If you want to an even simpler method, learn how to use four-vectors.
vela said:The solution you're trying to work through is doing things the hard way. I imagine that whoever wrote it went around in circles with the algebra for a while and simply wrote down the end result. One of the tricks to doing relativity is figuring out how to avoid this unnecessary algebra in the first place. Try this approach instead:
Let ##p_e## be the magnitude of the electron's momentum. Conservation of energy gives you
$$E_\mu = E_e + E_\nu + E_\bar{\nu}.$$ Rewrite that as
$$E_\mu - E_e = E_\nu + E_\bar{\nu}.$$ Using conservation of momentum, you should be able to show the righthand side is equal to ##p_e c##. Now square both sides and use the fact that ##(m_ec^2)^2 = E_e^2 - (p_e c)^2##. You'll end up with an equation you can easily solve for ##E_e## in terms of the masses.
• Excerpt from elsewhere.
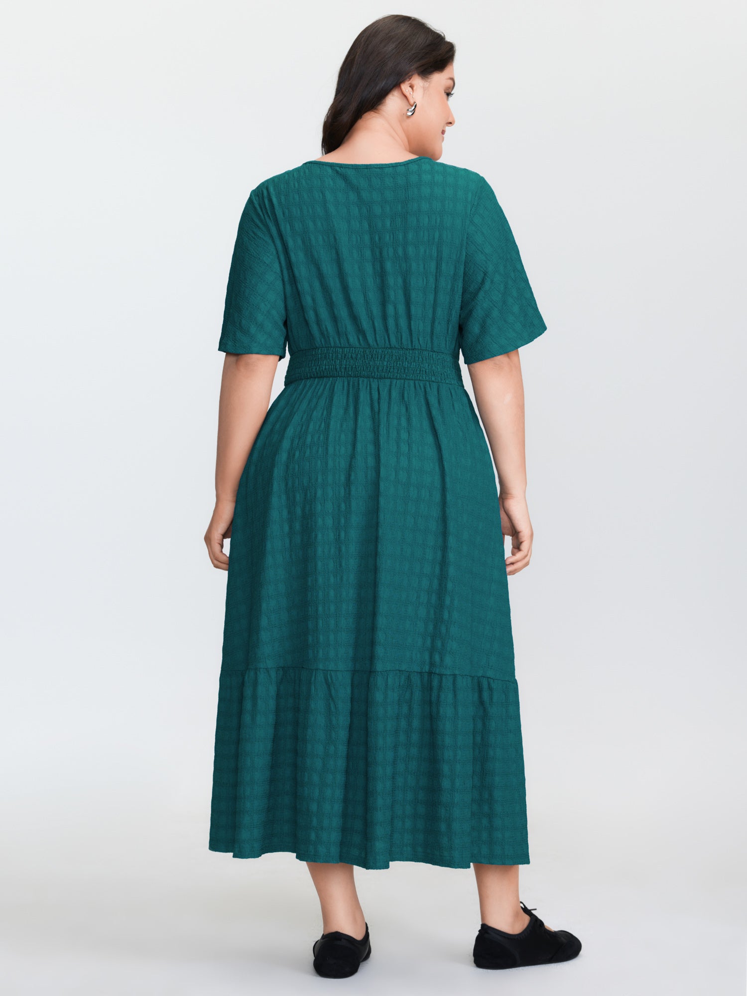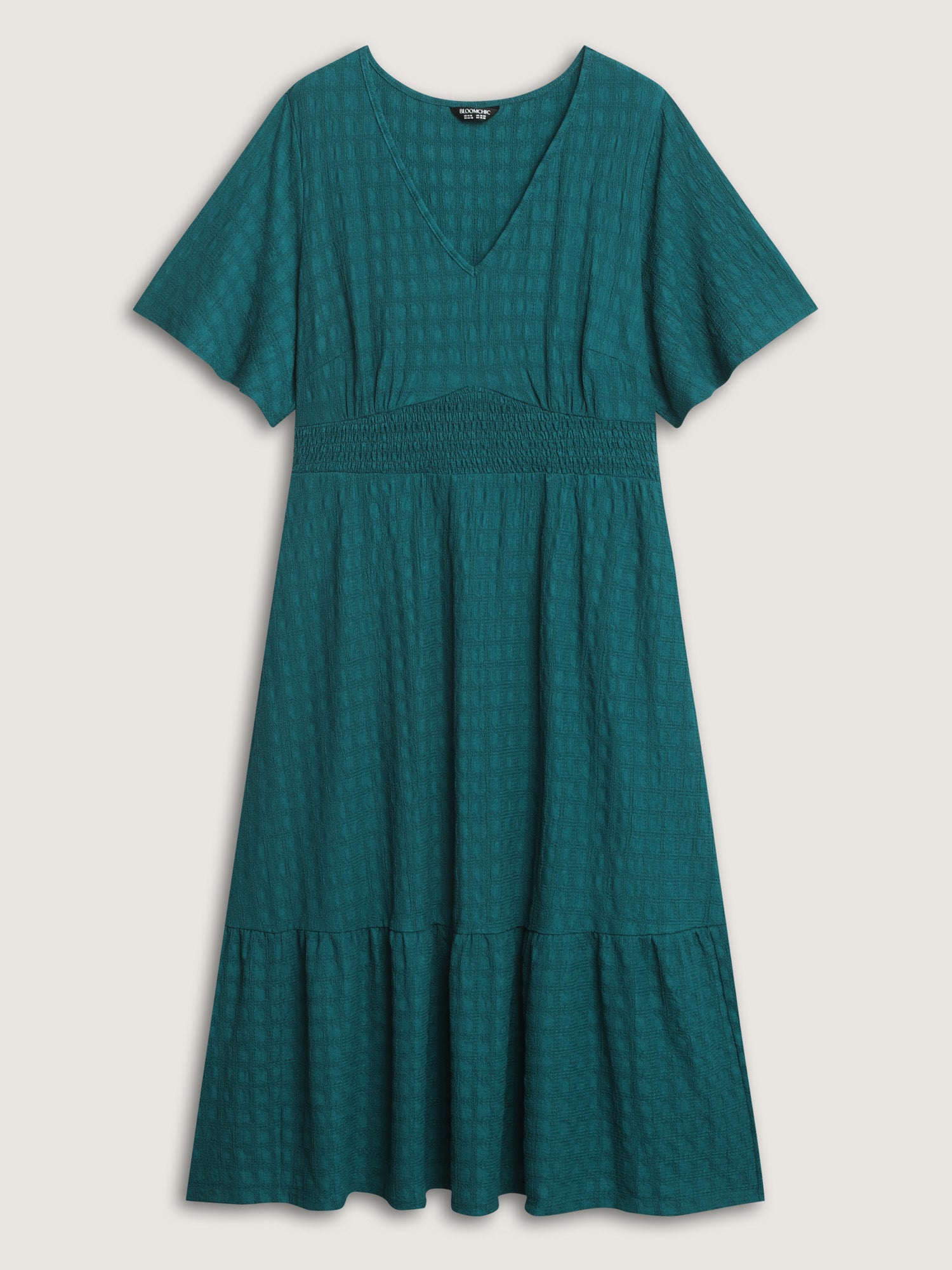 Shop Textured V-Neck Shirred Waist Midi Dress now and redefine your style with confidence at BloomChic. Tailored for mid and plus-size women. This trendy Dress, sizes 10-30. You can never go wrong with BloomChic Dresses. Color:Aegean;Style:Leisure;Neckline:V-neck;Sleeve Type:Ruffle Sleeve;Prints:Synthetic texture;Details:Shirred, Texture;Pocket:Side seam pocket;Belt:No-belt;Closure Type:Non

If you want to an even simpler method, learn how to use four-vectors.
A root in algebra is a solution to an equation, where the value of the variable makes the equation true. This means that when the value of the variable is substituted into the equation, the equation will be balanced.
To separate a term in the sum of two roots, you can use the distributive property. This means that you can multiply the term by each of the roots and then add the two resulting terms together. For example, if you have the sum of two roots, √a + √b, you can separate out the term a by multiplying it by each root: a√a + a√b. Then, you can combine the two terms to get the original sum of roots.
Yes, you can still separate a term in the sum of two roots if the term is a negative number. The same steps apply as in question 2, but you will need to be careful with the signs when combining the terms. For example, if you have the sum of two roots, -√a + √b, you can separate out the term -a by multiplying it by each root: -a√a + -a√b. Then, you can combine the two terms to get the original sum of roots: -a(√a + √b).
Yes, you can separate terms in the sum of two roots if they have different radicands. The same steps apply as in question 2, but you will need to be careful when combining the terms. For example, if you have the sum of two roots, √a + √b, you can separate out the term √a by multiplying it by the first root: √a√a + √a√b. Then, you can combine the two terms to get the original sum of roots: √a^2 + √ab. However, if the two radicands are not like terms, the terms cannot be separated.
Being able to separate terms in the sum of two roots is important because it allows us to simplify and solve equations more easily. It also helps us to better understand the relationship between different terms in an equation. Additionally, separating terms in the sum of two roots is a fundamental algebraic skill that is necessary for solving more complex equations and problems.